Entraîné par les images, on pénètre au coeur des fabriques. La caméra filme les corps, plus que les êtres, et leurs gestes quasi-chorégraphiques au fil des étapes de la fabrication des « bangles » : elle saisit un rituel où le corps et l’objet né du souffle, ne font qu’un,
Personnages clés de l’exposition, les « bangles » et les « toras » sont pourtant entourés d’un halo de mystère. Entre absence physique et présence dans les empreintes, ou sous la seule forme de fragments de nuancier dans l’installation, le film opère tout à coup une révélation. L’image et le son dévoilent les bracelets de verre pailletés et bruissants dans toute leur intégralité, extrêmement vivants et vibrants au fil des manipulations.
A l’extérieur des usines, d’autres gestes s’ajoutent à ceux des verriers, d’autres objets complètent les bracelets, les uns et les autres échos aux oeuvres vidéos et photographiques antérieures de François Daireaux condensées dans ce film.
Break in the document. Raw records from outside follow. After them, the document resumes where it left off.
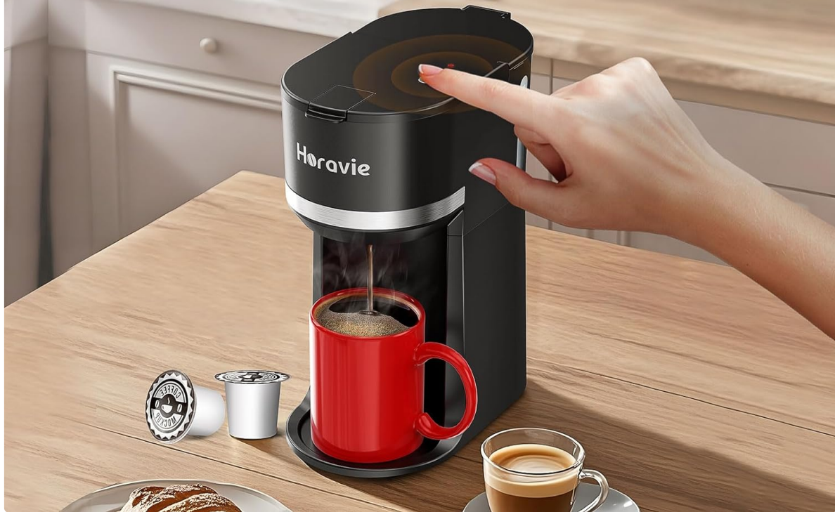
Figure 5: Simple one-button operation and the descaling reminder light for easy maintenance.

When everything is ready, press the power button for 2s to start descaling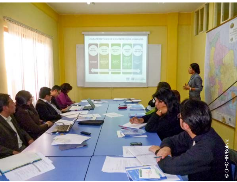
Workshop for the development of human rights indicators based on OHCHR's methodology in Bolivia, June 2014.

lessons-learned into guidance tools. In 2014, RRDD continued to lead OHCHR's work on the development of UN policies and their followup. In addition, the Human Rights Up Front (HRUF) initiative required considerable OHCHR participation.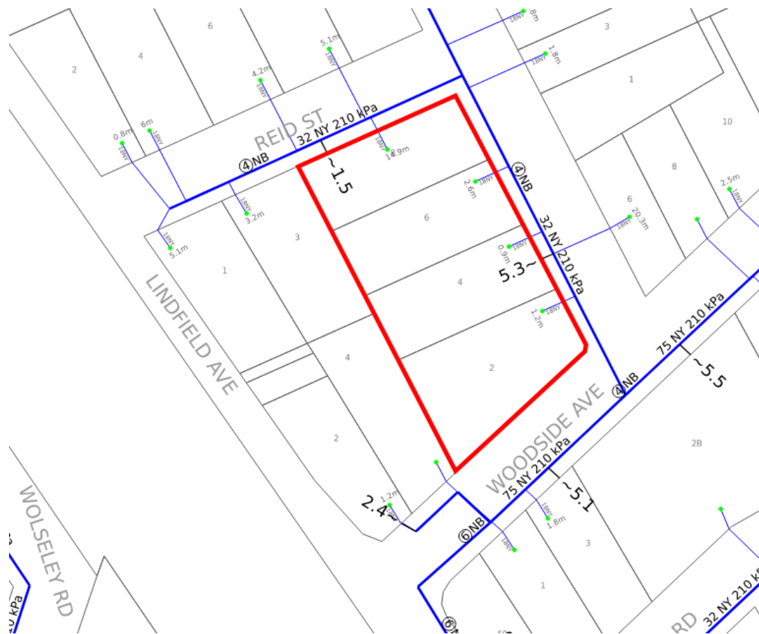
Figure 8. Jemena existing natural gas infrastructure layout for the site as per Dial Before You Dig (BYDA)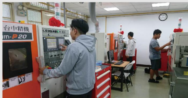
勞動部CNC車床乙級技術士考場 Qualified Site of The Machinery and Equipment of Skills Certification on skill category of Turning -CNC Turning Class B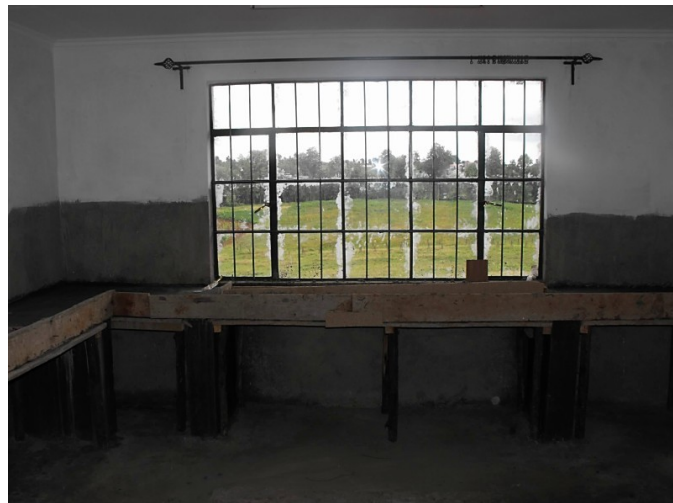
Kitchen— over- looking Tumaini farm

Un film qui tente aussi de circonscrire la ville de Firozabad dont l’activité industrielle bien que très artisanale fait se côtoyer mondialisation, néolibéralisme et vie traditionnelle.
Ce film de longue durée, réalisé sur deux ans, livre aussi la Firozabad de François Daireaux : il est à voir comme le défilement de sa mémoire de son aventure « firozabie ».